The Prisoner is allowed to escape through a door into a garden where he meets two monks who are engaged in prayer and who ignore him, he meets the Grand Inquisitor, who takes the form of the Gaoler, who now tells him he will get salvation only through death. The Prisoner sings of his beloved word ‘Fratelli’ – for him, nothing is more important than friendship. As the Prisoner is about to meet his death, there was a beautiful passage on the two harps and strings, and the singing of the choir accompanied by the organ and tubular bells and the Prisoner’s singing ‘Liberte’ closes this tragic operatic masterpiece.

Ablinger-Sperrhacke’s characterisation of the Gaoler/Grand Inquisitor was outstanding with almost every phrase bearing a threatening warning, and in the central role Koch’s Prisoner was superbly acted and sung, as was that of Mother by Ukrainian mezzo-soprano Semenchuk. The roles of the priests were performed commendably by Caspar Singh and Oliver Boyd.
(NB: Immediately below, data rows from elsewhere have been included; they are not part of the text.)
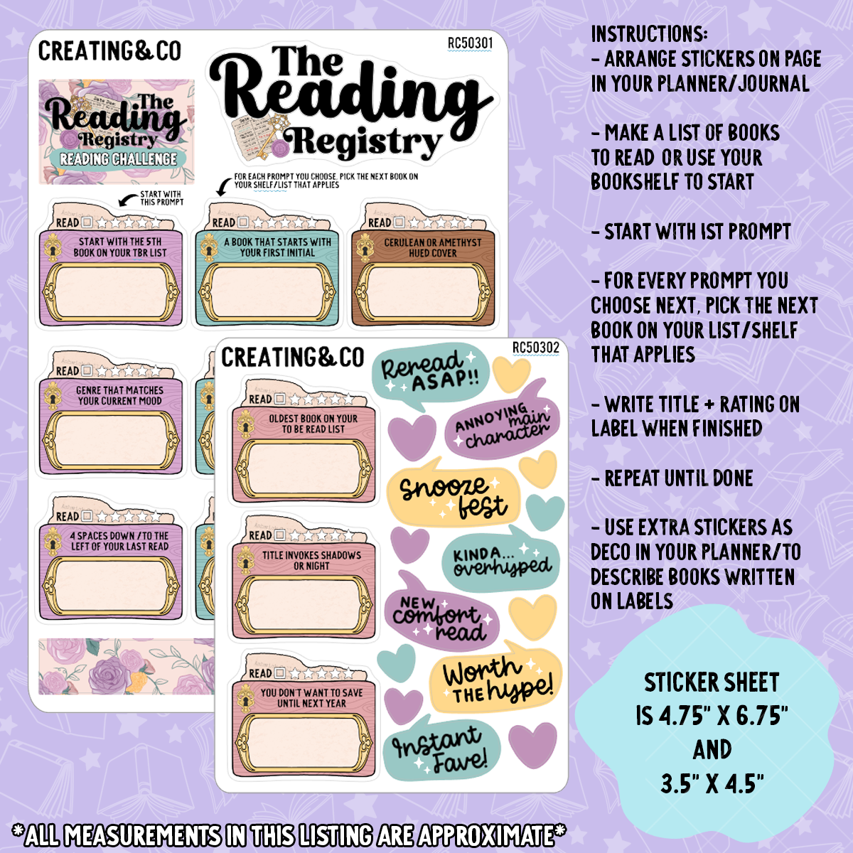 - Reading Challenge Set - 1 5x7 Sticker Sheet + 1 3.5x4.5 sticker sheet for using in your planner or journal. Comes with a "badge" sticker for keeping track of which challenges you complete throughout the year.
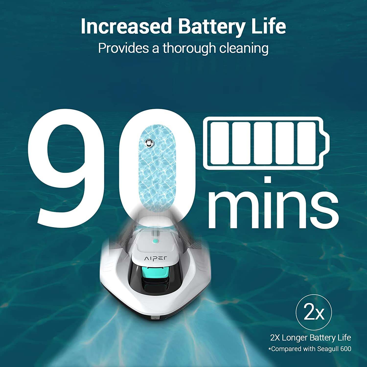 - WIRELESS AND SAFER CLEANING: Say goodbye to wires thanks to the Aiper Pool Vacuum's 100% cord-free design. No worry longer about cord entanglement and the risk of power short-out. It lasts up to 90 mins ideal for round ABOVE-GOUND pools (up to 33' diameter), and IN-GROUND flat bottom pools (ONLY ONE DEPTH, up to 40' X 20').
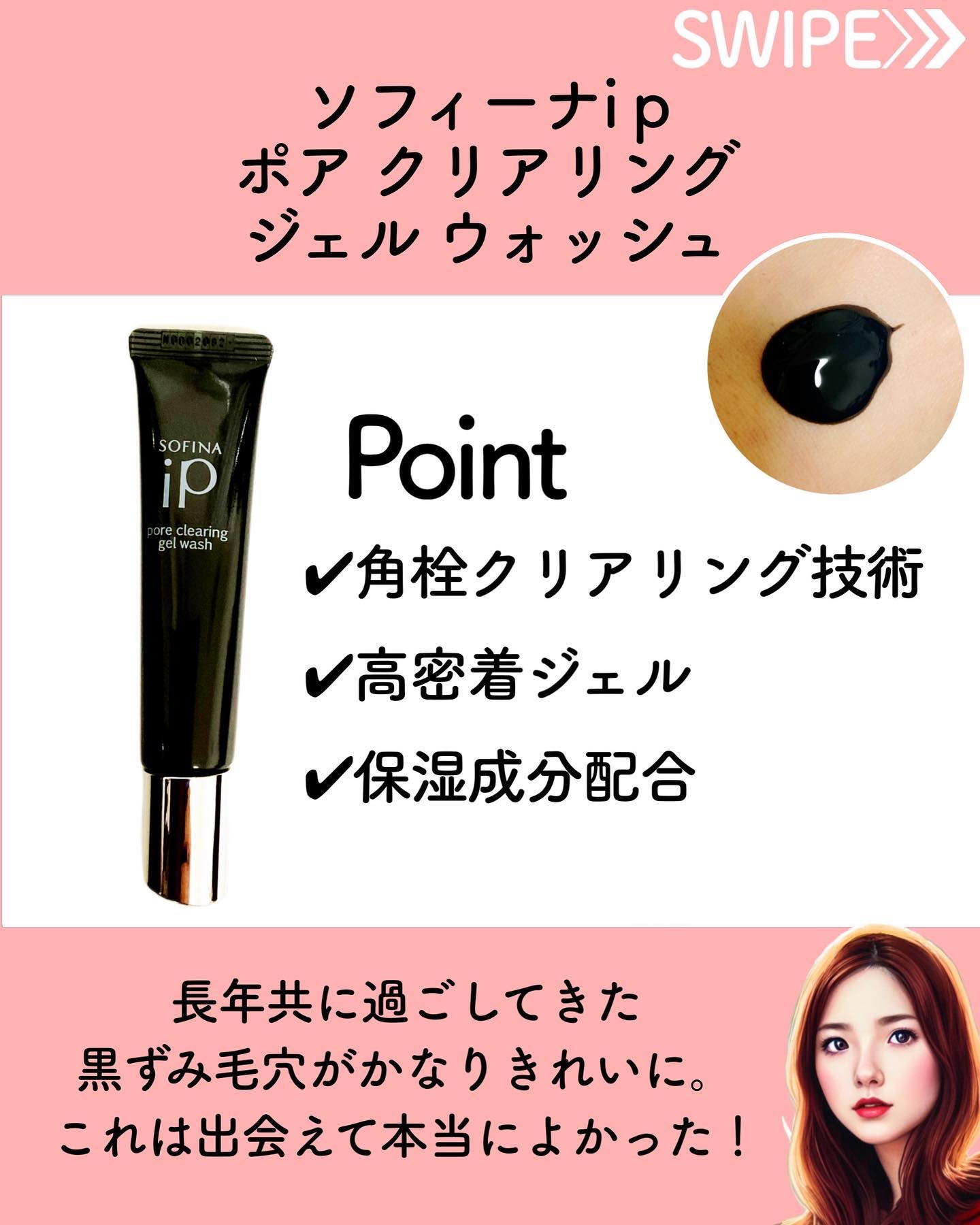 置き去り角栓を内側まで崩壊し洗浄✨毛穴スッキリ!✼••┈┈••✼••┈┈••✼••┈┈••✼••┈┈••✼【使った商品】SOFINAiPソフィーナiPポアクリアリングジェルウォッシュ30g¥1,980【商品の特徴】黒の直塗りジェルが、汚れが気...

This was an exhilarating concert of three twentieth-century composers all of whom are connected by a common effort to portray the struggles and problems of their time – yet with quite different means and musical styles. The three works were performed here with great mastery and sensitivity by Petrenko and the remarkable Berlin Philharmonic Orchestra, and the Berlin Rundfunk Choir, bringing to a close this remarkable 2022 Musikfest in Berlin.